To exercise your rights, please contact us at the address and email detailed in Section 12 below  “How to contact us”. We will respond to you as soon as practicable in accordance with GDPR.

10.        Communication of a Personal Data breach to the Data Subject

In case of data breach, Caystone will notify the National Commission for Data Protection (the “CNPD“), the Luxembourg supervisory authority not later than 72 hours after having become aware of it.

When the Personal Data breach is likely to result in a high risk to the rights and freedoms of natural persons, Caystone will also notify the Data Subject without undue delay.
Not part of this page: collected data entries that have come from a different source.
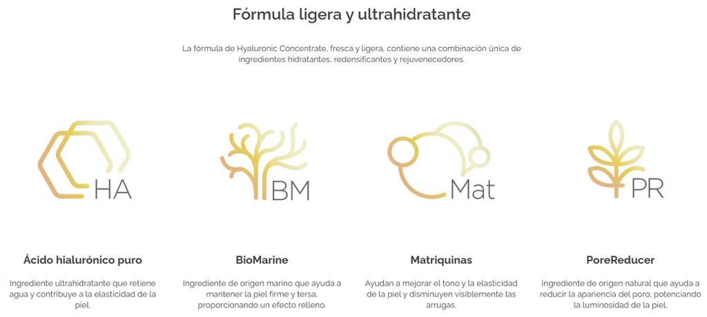Es un sérum facial con ácido hialurónico puro de bajo y medio peso molecular y textura aqua-gel que proporciona una hidratación superficial y profunda. Ayuda a rellenar la piel y prevenir las primeras arrugas y líneas de expresión, disminuye la apariencia de los poros y aporta luminosidad, para una piel radiante.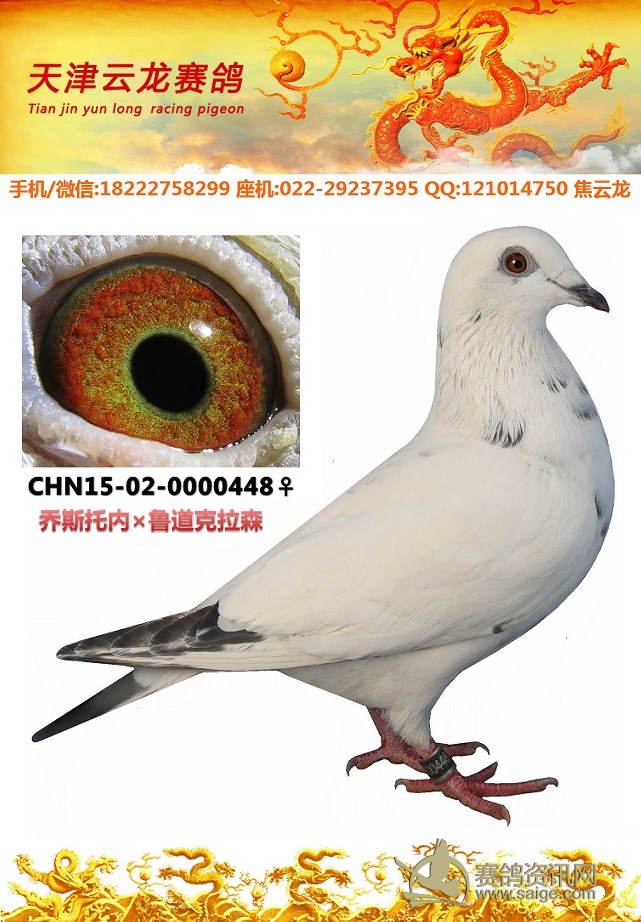 鸽子名称: 足环:2015-02-0000448 性别:♀雌鸽 眼别: 羽色: 年代:2015 血统: 作育者:焦云龙
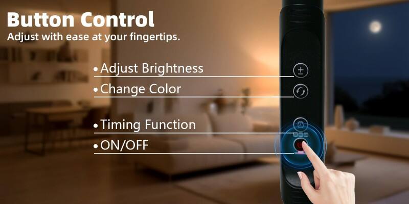 Easily adjust brightness (stepless dimming), switch colors, and set auto-off timers. Enjoy full control either from the integrated panel or via the included remote.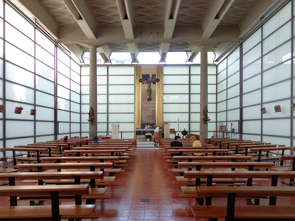 Il viaggio, poi, prosegue verso Monza, dove la Chiesa e il Complesso parrocchiale di San Giuseppe, opera dell’architetto svizzero Justus Dahinden, riflette la volontà degli anni Settanta di pensare il luogo saro come centro comunitario. Ed ecco che gli spazi sono concepiti per accogliere funzioni religiose e sociali insieme, inserendo la chiesa tra i particolari esempi che ben mostrano come il contemporaneo sappia reinterpretare la parrocchia come cuore vivo del quartiere.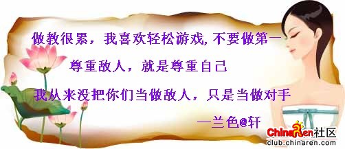 兰色:做教很累,我喜欢轻松游戏,不要做第一,尊重敌人,就是尊重自己,我从来没把你们当做敌人,只是当做对手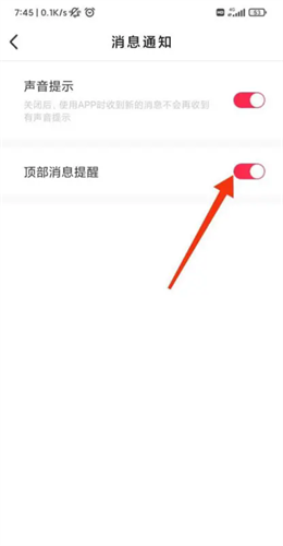 4、打开【顶部消息提醒】在消息通知页面中,找到“顶部消息提醒”选项(可能以开关形式呈现,如灰色表示关闭、蓝色表示开启),点击开关将其调整为开启状态即可。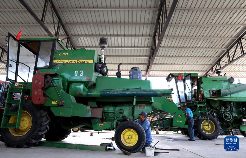 6月2日,在河北省晉州市周家莊鄉,維修人員對即將“上崗”的農機進(jìn)行檢查維修。

11.        Your right to complain and raise questions to the data protection authorities

The client has as well the possibility to file a complaint to the CNPD, established on 1, Avenue du Rock’n’Roll, L-4361 Esch-sur-Alzette, Luxembourg.

12.        How To Contact us

Should you request further details on the processing of your Personal Data or if you wish to exercise your rights or if you have any specific queries regarding the processing of your Personal Data, you can contact us as follows:

  • by email on the following address: [email protected].
  • by post at: 19, Rue Philippe II, L-2340 Luxembourg.

13.        Status and amendments to this Notice

This Notice is current as of September 24, 2024 in compliance with GDPR.

It aims to inform you, as Data Subjects, about Caystone’s organisation regarding Personal Data processing and your rights according to GDPR. It is not a binding document.

This Notice is subject to update and amendment from time to time. Although we may request our clients to inform you about that update, we may not be able to personally notify you.

We kindly ask you to review the Caystone website from time to time for possible changes.